To construct a triangulation of the figure 8 knot, there are quite several classical ways (notably some from Thurston) to proceed. But some are less general than others. I want to present here a way that can be fully generalized to other knots and even links. It is based on an article of William W. Menasco : *Polyhedra Representation of Link Complements* (1983).

We think the knot as standing on a plane. When we are far enough of the crossings, we simply have a line on the plane, and we will keep this that way. But when we are close to a crossing, the knot isn’t really standing on the plane: it’s going a bit above and below the plane, this is where we will have to work the most.

The idea to construct the triangulation is to think of two balloons, each one on a side of the plane. (In fact we see \(S^3\) as separated in two components by a 2-sphere, thought as the plane.) Each balloon is progressively blown.

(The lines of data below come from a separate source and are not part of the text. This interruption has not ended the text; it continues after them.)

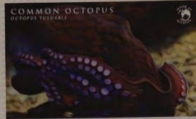
COMMON OCTOPUS MOÇAMBIQUE 16.00 MT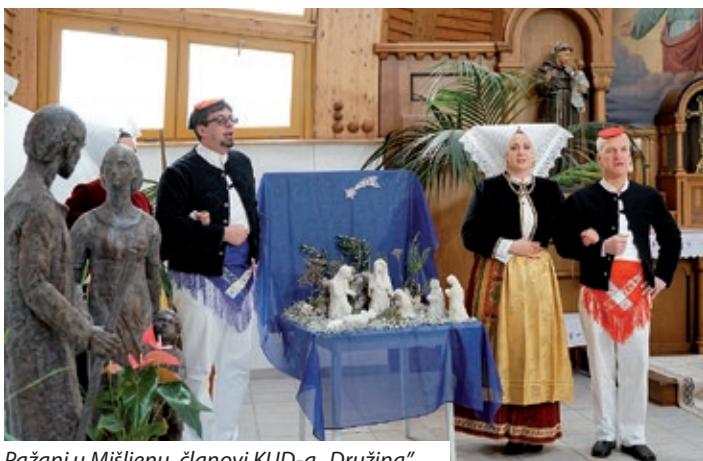
Pažani u Mišljenu, članovi KUD-a „Družina“

Istoga dana u Mišljenu su boravili i predstavnici grada prijatelja Paga, koji su izložili nadaleko poznate paške „jaslice od soli“.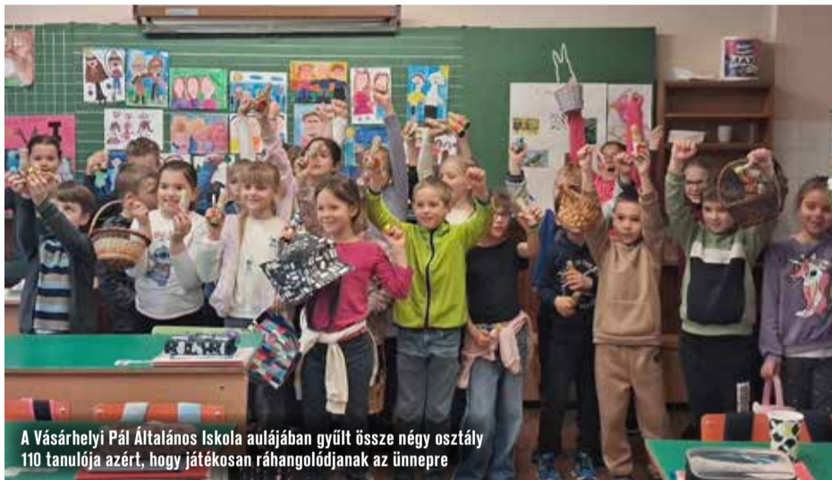
A Vásárhelyi Pál Általános Iskola aulájában gyűlt össze négy osztály 110 tanulója azért, hogy játékosan ráhangolódjanak az ünnepre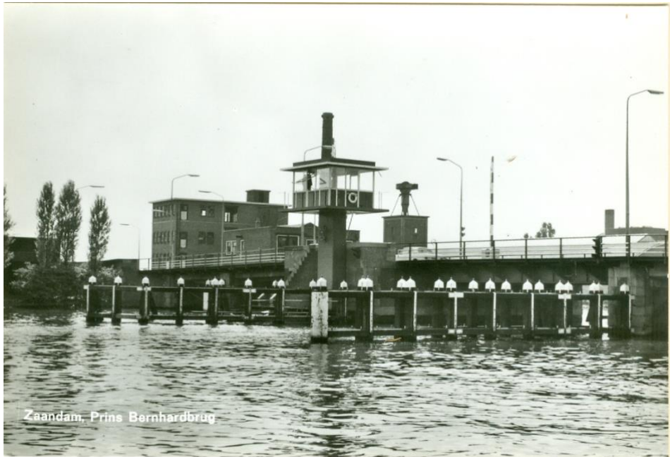
Prins Bernhardbrug met het vernieuwde brugwachtershuisje

In deze eeuw was de Bernhardbrug alweer verouderd en werd er in 2007 een nieuwe brug geopend.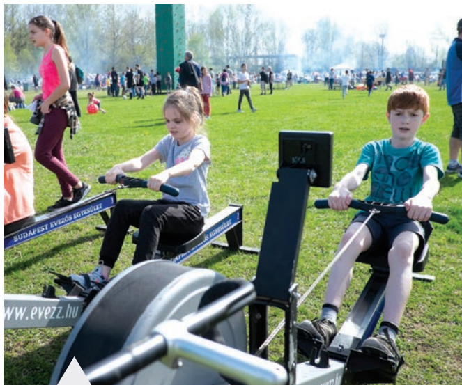
A gyerekeket egész nap sportos pontgyűjtőversennyel várták a szervezők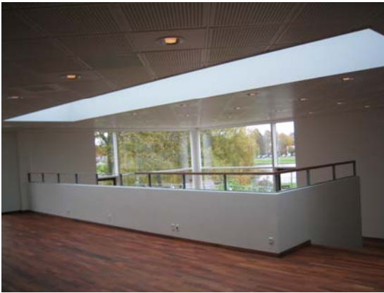
Bibliotek med indskudt etage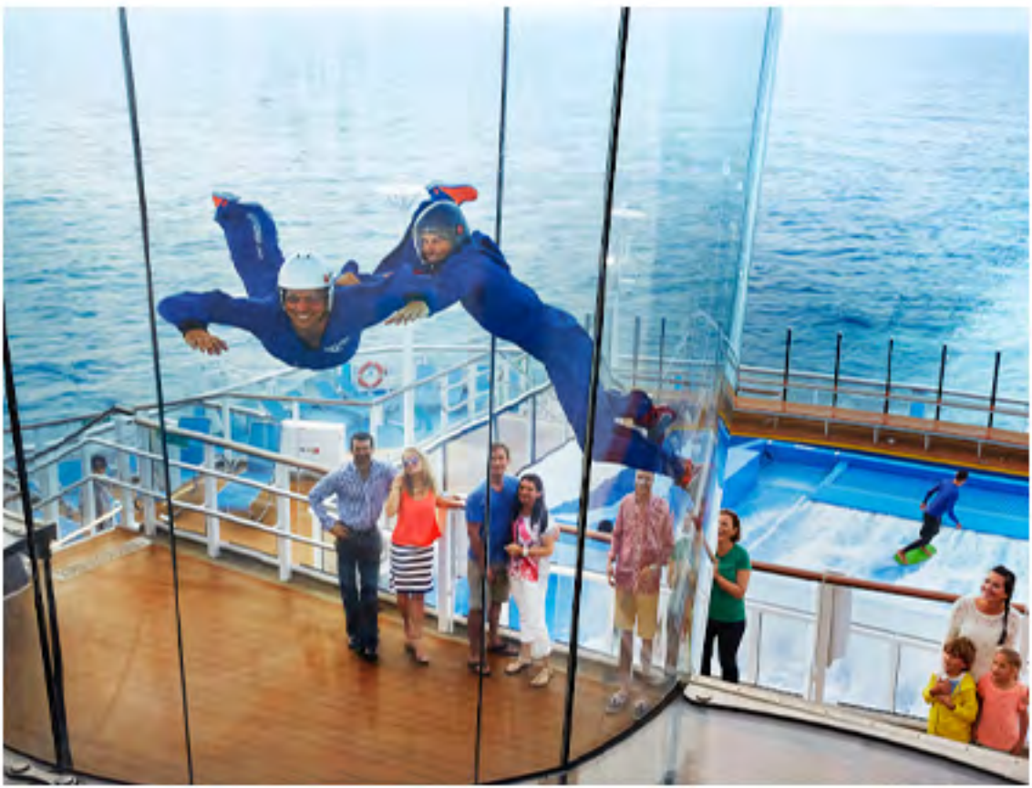
Rip-Cord by iFly®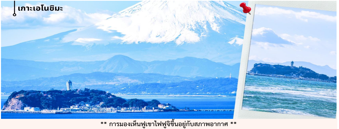
เกาะเอโนชิมะ

เช้า รับประทานอาหารเช้าที่ โรงแรม (3) หลังรับประทานอาหารเช้า นำท่านแวะชม พิพิธภัณฑสถานแผ่นดินไหว เป็นพิพิธภัณฑสถานี่แสดงถึงผลกระทบจากภัยพิบัติแผ่นดินไหวและการระเบิดของภูเขาไฟ ภายในพิพิธภัณฑสถานมีห้องจัดแสดงข้อมูลการประทุของภูเขาไฟจากทุกมุมโลก โชนความรู้ต่างๆและโซนข้อป้ังสินค้าญี่ปุ่นอาทิเช่น ผลิตภัณฑ์เครื่องสำอางและของฝากอีกมากมาย จากนั้นนำท่านเดินทางสู่ เกาะเอโนชิมะ ผ่านสะพานเอโนชิมะ เบนเท็น ซึ่งเป็นเส้นทางเชื่อมระหว่างแผ่นดินใหญ่กับตัวเกาะระหว่างทางสามารถชมบรรยากาศของท้องทะเลและวิวชายฝั่งได้อย่างเพลิดเพลิน และในวันที่อากาศแจ่มใสยังสามารถมองเห็นภูเขาไฟฟูจิได้จากระยะไกลอีกด้วย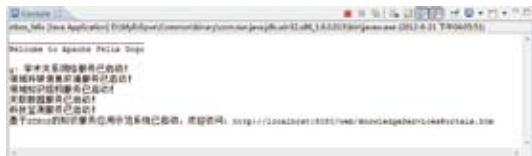
图4 各服务组件的运行状态监控

通过试运行不难发现,OSGi规范及其实现框架为应用系统插件式的体系设计和系统实现提供了标准规范和支撑环境。在该系统中,每个Bundle对应一个独立的应用功能模块,每个Bundle可视为一个组件。应用系统的开发与部署都可以从OSGi所提供的标准规范中受益,从而给系统带来诸多优势,如:每个组件都是独立的,应用代码结构更加规范与合理;每个组件都可以在运行期动态加载与卸载,应用部署更加灵活;每个组件都具有独立的版本号,版本升级、应用规划与管理更加方便;每个组件都具有完善的安全策略,应用系统的整体更加安全。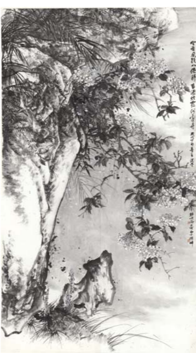
空谷风轻 韩斌 245cm x 128cm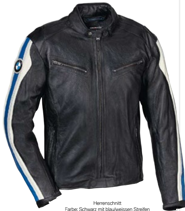
Herrenschnitt Farbe: Schwarz mit blau/weißen Streifen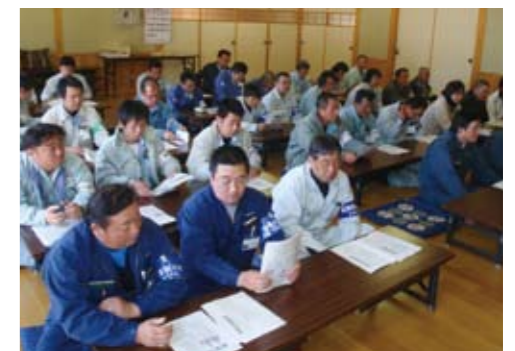
熱心に耳を傾ける隊員一同

「困った時はこのステッカーを貼った車に声をかけてね」と、ご家庭のお子さまたちに、どうぞ教えてあげて下さいね!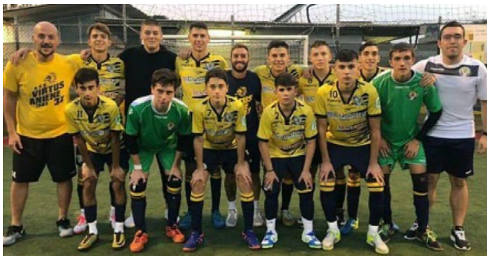
La formazione Under 17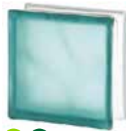
TURQUOISE 1919/8 WAVE SAHARA 2S* SAP CODE: 122183 EURO: 12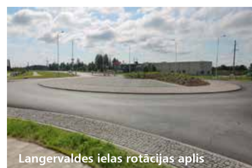
Langervaldes ielas rotācijas aplis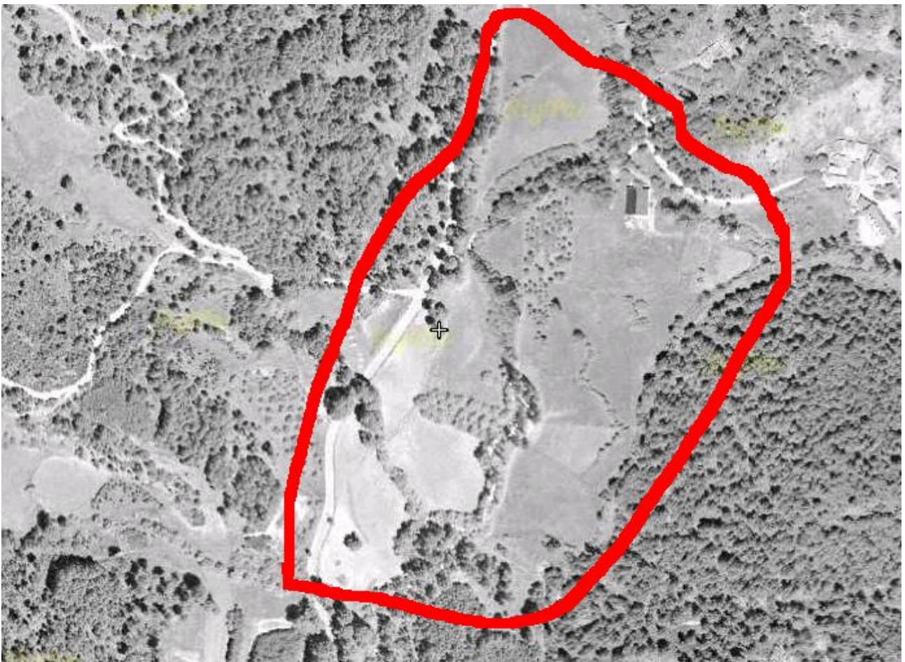
Imagen 2: El terreno de Campamento a vista de pájaro

El terreno lo compartiremos con un grupo de scouts MSC de Jerez. Es un terreno muy grande con capacidad para unas 150 personas. Contamos con un pequeño techado (en la portada del dossier) que puede hacer las funciones de comedor.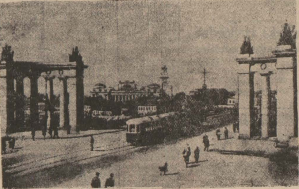
Moskovadan bir görünüş

buğday ve yüzde kırk arpa karıştırılacak, çavdar konmayacaktır. Koordinasyon heyetinin bu kararı yakında tatbik edilecektir.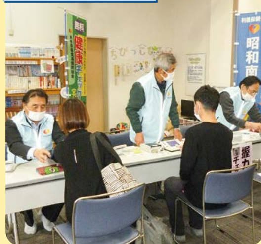
昭和東・昭和南支部

偶数月の土曜日の午後に、昭和の湯で昭和東・南支部合同で継続して行っています。前回から血管年齢測定も始めています。幅広い年齢の方が興味をもって参加してくれました。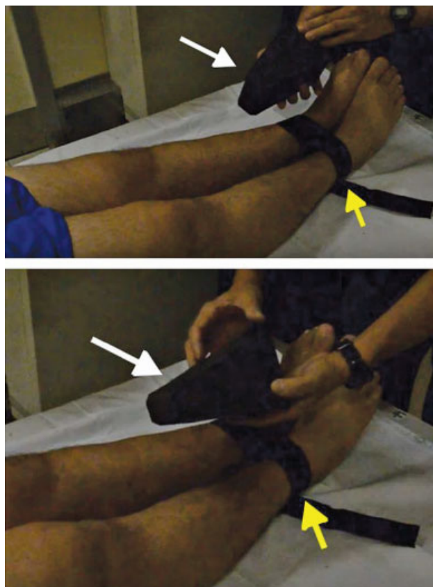
Fig. 2 Após a colocação da fita de Velcro (setas amarelas) em volta dos tornozelos à altura supramaleolar, a atenção é dedicada à aplicação do estresse em varo no joelho. O triângulo de espuma (setas brancas), feito com etileno acetato de vinila, é colocado entre os joelhos. É importante assegurar o posicionamento da base do triângulo à altura da tuberosidade tibial e da ponta do triângulo à altura do fêmur distal.

Após a colocação da fita de Velcro em volta dos tornozelos, à altura supramaleolar, o triângulo de espuma (► Fig. 2) é usado para aplicação do estresse em varo no joelho. Assegurando o posicionamento correto dos membros, o triângulo de espuma (feito de etileno acetato de vinila) é gentilmente colocado entre os joelhos que estavam bem próximos. O aspecto menor da espuma (ponta) fica em direção proximal, enquanto a base do triângulo continua à altura da tuberosidade tibial. O médico deve assegurar que os maléolos mediais estejam em contato, e que a fita de Velcro não mude a posição. Ao inserir a espuma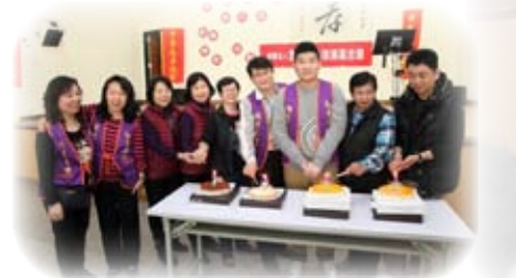
為1、2月的壽星們舉行慶生會

活動中也為1、2月的壽星們舉行慶生會，由壽星們一同切蛋糕慶生，在大家一起熱鬧歡唱的氣氛下，活動圓滿結束。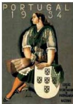
Cartaz de propaganda ao Estado Novo.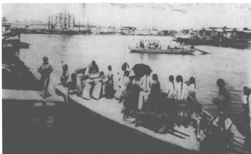
清末天津三岔河口的热闹景象

说起老天津的第二宗宝——炮台,有人误以为是始建于清嘉庆二十二年(1817年)的大沽口的炮台,其实是指早于它170多年的、建在天津城周围的炮台。明代,朝廷为加强天津防务,于崇祯十二年(1639年)在天津卫城外拨民地建炮台7座,派重兵把守,昼夜严防。当时的7座炮台位于三岔河口北、窑洼南岸、西沽、邵公庄东梁家嘴、城西双忠庙南、海光寺、马家口一带。清康熙《天津卫志》中的《天津卫图》上也标明了它们的大体位置。7座炮台各具特点,攻守兼备。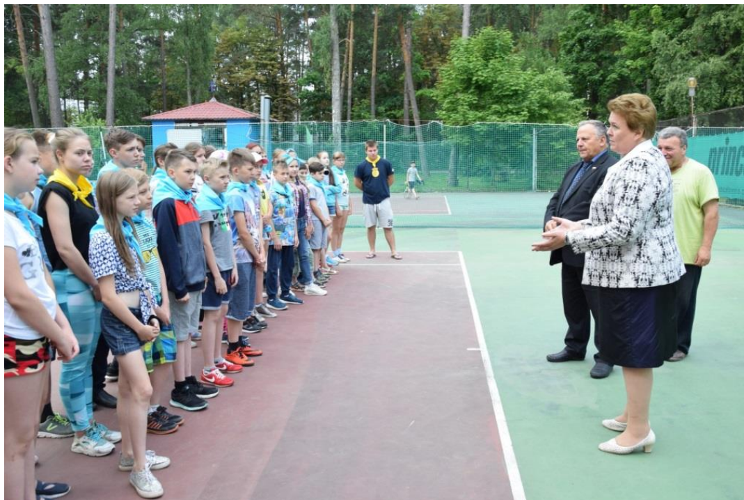
Открытие лагеря в музее-заповеднике "Бородинское поле" На фото справа: первый заместитель председателя Комитета О.В.Окунева

совещание КСФ "Духовно-нравственное и патриотическое воспитание молодежи как фактор развития гражданского общества" (г. Москва, Совет Федерации, 4 июля 2018 года);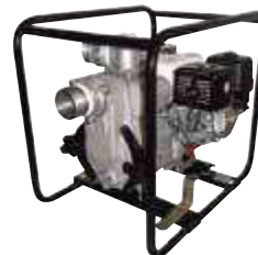
TED2 80 HA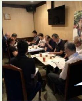
会長が経営する居酒屋で開催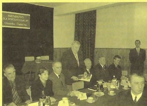
Projev našeho starosty

radnicí v Olszance, všestranná péče o nás po celou dobu pobytu, záplava informací a poznatků – to byly tak hlavní znaky návštěvy. Při uvítání a kávě na radnici jsme také obdrželi 10ti stránkovou výpravně zpracovanou publikaci ve formě prezentace obou našich obcí (polsky, česky, anglicky) a upřesněný program našeho pobytu. Pak jsme si prohlédli zdejší velkou, nedávno postavenou školu, ve které jsou děti od mateřinek až po gymnazisty. Nahlédli jsme i do tříd při vyučování – atmosféra zde byla stejná jako u nás. Někteří jsme zaregistrovali odlišnost v symbolech čelních stěn tříd. Místo u nás obvyklého obrazu prezidenta zde mají všude státní znak a prostý kříž s Kristem.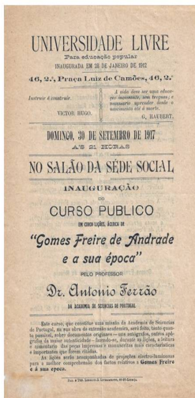
Figura 11 – Divulgação do Curso da Universidade Livre.

A Universidade Livre, instituição fundada em 1911, por iniciativa da Maçonaria, dirigida durante muitos anos pelo destacado maçom Alexandre Ferreira, organizou um curso em cinco lições intitulado «Gomes Freire de Andrade e a sua Época», ministrado por António Ferrão numa missão da Academia das Ciências na sua obra de extensão académica. O curso, acompanhado de «projeções luminosas», iniciou-se a 30 de Setembro de 1917. António Ferrão tinha sido iniciado em 1907 na Loja Solidariedade , mas não se encontrava activo desde 1914, só vindo a ser regularizado em 1924 na Loja Madrugada . Publicou, em 1918, o livro Gomes Freire na Rússia [14] e, dois anos depois, publicava o texto de um discurso que proferira em 18 de Novembro de 1917, intitulado Gomes Freire e as Virtudes da Raça Portuguesa [15] .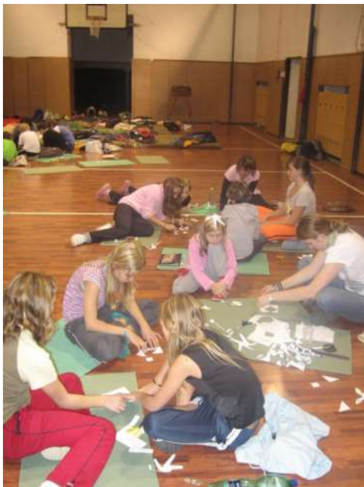
Debrujáři - Noc ve škole - říjen 2008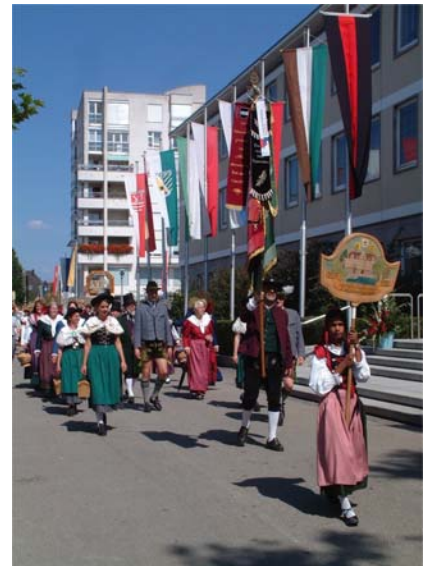
Rund 40 Gruppen zogen beim Festumzug durch die Stadt.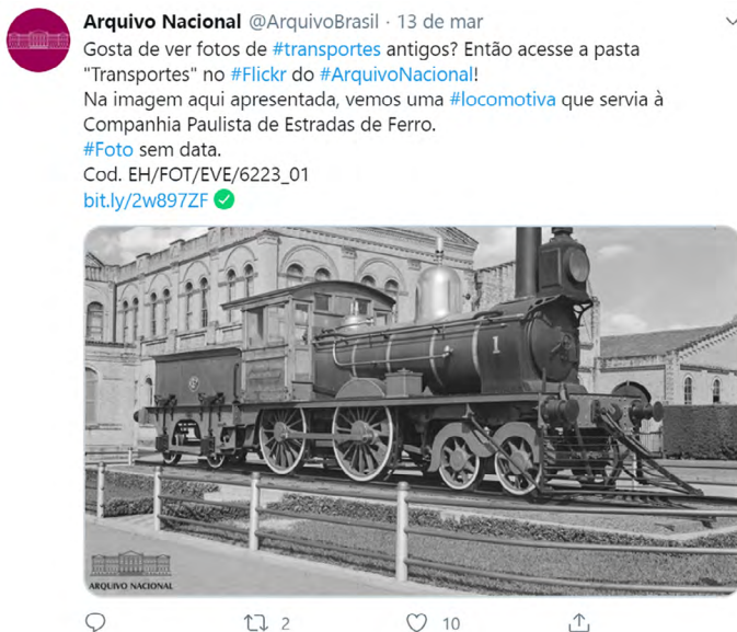
Figura 3 – Difusão do Arquivo Nacional do Brasil pelo Twitter.

porém carecia de regulamentação. Também foram verificadas, no Brasil, ações de difusão nas redes sociais, exemplificadas nas Figuras 3 e 4.

The balloons will give two open 3-cells, the plane will give the open 2-cells, and the knot will give (in a way described below) the open 1-cells and the 0-cells. (Remember that the knot will eventually be a 0-cell, and in fact

*the*0-cell.)

# What happens close to a crossing

So the critical point is to study the blowing of a balloon close to a crossing.

A crossing is given by two segments, one above the other. The idea is to set an edge (so, a 1-cell and two 0-cells) between the two segments.

When we blow the ballon, it will reach the segment closer to It first. Then It will progressively be touching the edge *two times* and then reach the segment below. So if we think the edge as been dyed with a wet dye, the balloon will get two marks from the edge.

# Putting pieces together

With this procedure, we can construct the desired triangulation.

- We encapsulate each crossing with a square with vertices touching the knot.
- The edges between squares are left as there are.
- When we have a crossing, we mark the edges of the square as if we were blowing a balloon. The edges are oriented as wished, but coherent in a way that we can shift an edge to the next one keeping the vertices on the knot.
- When two squares are linked by a band, we can in fact identify the edges bordering the band and match the orientations such as there are coherent. The edges of the preceding two squares now become the same.
- The bi-gons are collapsed since there are just contractible bands.

After this steps, we should get a figure with 2-cells indicated by the edges, 1-cells given by the oriented edges of the squares, and 0-cells given by the knot.

To obtain the final step, we just have to think the edges of the knot which are not from the squares as shrunk. The two tetrahedra are each one given by :

- The 3-cell is the balloon chosen.
- The 2-cells are the areas delimited by at least 3 oriented edges (at all time). Do not forget the exterior face!
- The 1-cells and 0-cell are given by the squares
*remembering*which edges to consider since only 2 out of 4 are from the balloon considered.

# Final step

Then, we just have to construct the tetrahedra following the preceding instructions.

Don’t forget that the drawing is from one side of the plane. So we have to return it for the balloon below when we want to describe the corresponding tetrahedra.

It’s a “eight in a bretzel” 🙂